軽く読んでもらえると、助かります。
「ふぅー、なんとか勝てた。ギリギリだったけど……」
「まさか、ガチンコ・ジャッジに負けるなんて……勝っていれば、俺にも勝機があったのに……」
「デュエマは時の運だよ。それがわかっただけでも良い経験だよ」
「はい……」
そう言って、勝と翔は先に集まっている咲恋とマリと想の3人と合流する。
「お2人とも、お疲れ様です」
「あ、ありがとうございます……」
「そっちもお疲れ様、マリちゃん……」
2人を出迎えてくれるマリに翔はややぎこちなく、返事を返す。
勝はマリに返事を返しつつも、暗い表情をしている咲恋に目をやり、マリに問いかける。
「……ねぇ、マリちゃん。咲恋ちゃん、どうしたの?」
「実は……」
「なんで、サガループがここにいるのよ。普通に考えて、非公認なんだから、ここはカジュアルなデッキを使うでしょ。
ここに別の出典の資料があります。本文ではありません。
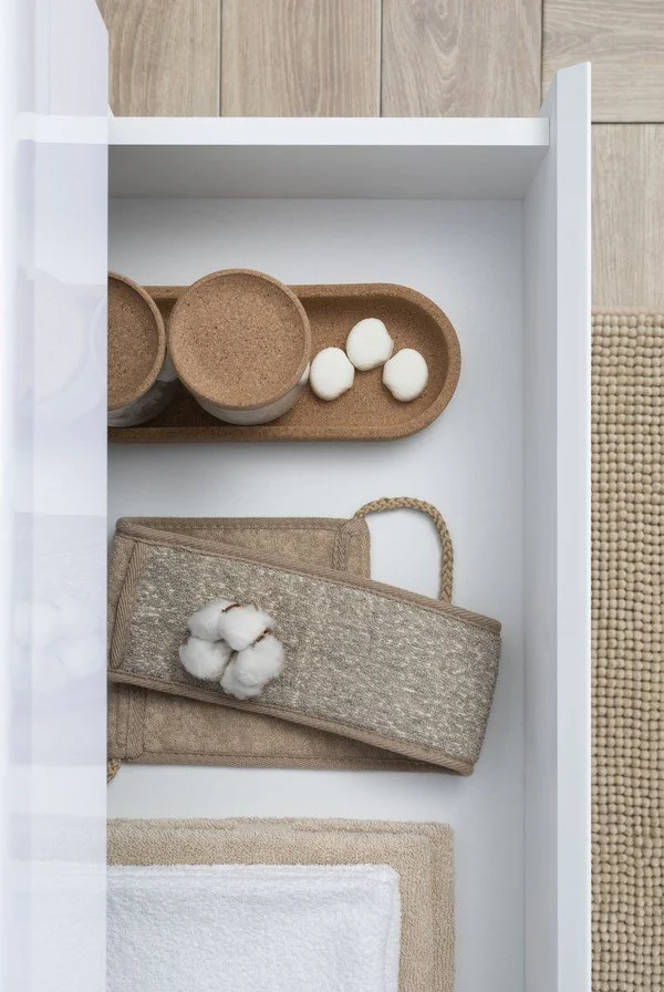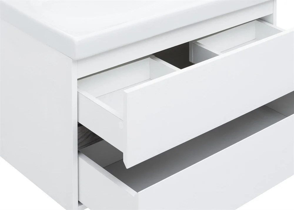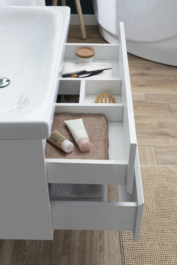 И еще одно важное преимущество: функциональная зона хранения в тумбе шириной 80 см. Она распределена между двумя выдвижными ящиками. Их внутренняя часть выполнена в белом цвете. Верхний ящик – это органайзер, разделенный на три отделения, где удобно хранить мелочи. Нижний более глубокий и позволит сложить полотенца или поставить весь арсенал пеномоющих или гигиенических средств. Ящики оборудованы доводчиками производства германской компании Hettich.
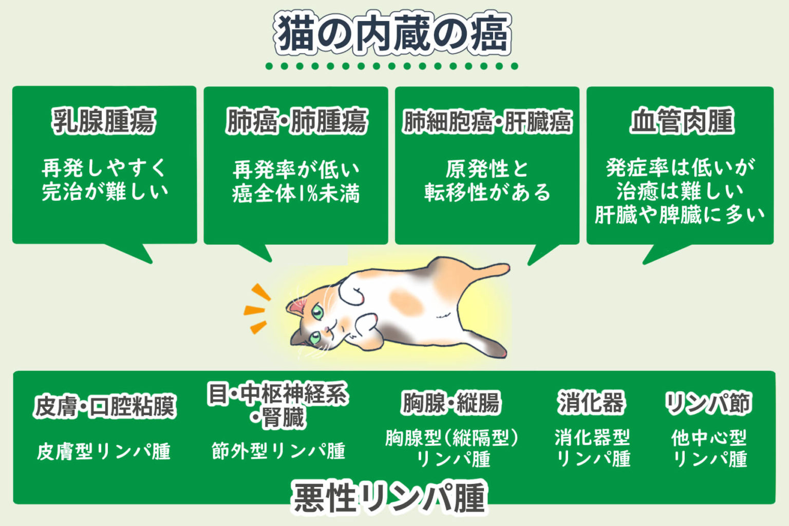 - リンパ腫:血液の癌。猫では特に発生頻度が高い。
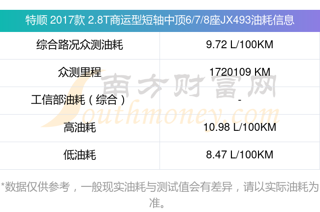 根据多位车主实测得出数据,该车型低油耗为8.47L/100km,高油耗为10.98L/100km,综合路况众测油耗为9.72L/100km,工信部综合油耗为-L/100km。
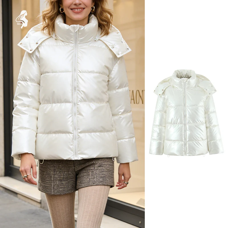 Giacca da donna in cotone lucido con cappuccio staccabile trapuntata con cerniera Cappotto da pendolare autunno inverno caldo e casual Abbigliamento donna

どう考えても……頭、おかしいんじゃない?ループデッキ使いたいなら、1人回しか、CSで使いなさいよ。本当に本当に、信じられない。やっぱり、デュエマはくso──」
「咲恋ちゃん、ストップ!」
「──ハッ……!」
あまりにも見てられなかったので、これ以上言う咲恋に、勝は待ったをかけると、咲恋は我に返って、勝の方に視線を向ける。
「……あら、勝、何かしら?いや、それよりも、アンタは勝ったの?」
「勝ったよ、眼鏡君に……」
「そう……」
(やったわ!一回戦負けが私1人じゃないわ!これで待ってる間、八つ当た……じゃなくて、フリーして、時間を潰せるわ!)
咲恋の問いかけに、勝はそう答えると、咲恋は脳裏に、そう思い、密かに喜ぶのだった。
それを見て、勝は想とマリに勝ったのか、気になり、2人に問いかける。
「……因みに、早峰先輩は?」
「当然、勝ったに決まってるだろ?わかりきったことを一々聞くんじゃねぇよ……」
「はいはい。マリちゃんは?」
「なんとかデッキが回ったので、勝つことができました!」
「そうか。それなら良かった。後は……」
「ひよりちゃんだけね」
「──ただいま戻りましたぁッー!」
噂をすれば、ひよりは元気な声で、勝達のもとに戻っていた。
その表情はとても嬉しそうな顔をしていた。
勝ったのか、と、勝はそう思い、少し笑みを溢し、ひよりに声をかける。
「勝ったんだね、ひよりちゃん」
「っ!?なんでわかるんですか!?勝先輩!?」
「そりゃあ、あんだけ元気な声を出せば、誰だってわかるわよ」
「むぅ……せっかく勝ったのに、皆さんに驚かせようと思ったのに……」
いつも間にか、勝ったことが知られたひよりは驚き、咲恋はひよりの疑問にそう答える。
それを聞いて、ひよりは少し頬を膨らませて、そう言った。
「ごめんごめん。けど、すごいじゃないか!この調子なら、優勝できるんじゃない?」
「本当ですか!?」
「んなわけねぇだろ!オレ様に当たったら、テメエは即落ちだぁ!」
「そ、そうでした……けど、早峰先輩や勝先輩が相手でも、私、負けませんよっ!」
「私のこと、忘れてない?」
「勿論、マリちゃんが相手でも、負けません!」
元気に話すひよりに、勝は笑顔を浮かべる。
(良かった。いつもの元気なひよりちゃんだ……)
大会が始まるまで、ひよりはお店から離れていたが、秋乃の説得で、戻ってきて、大会に出てから、いつも通りに戻っていたひよりを見て、勝は安堵する。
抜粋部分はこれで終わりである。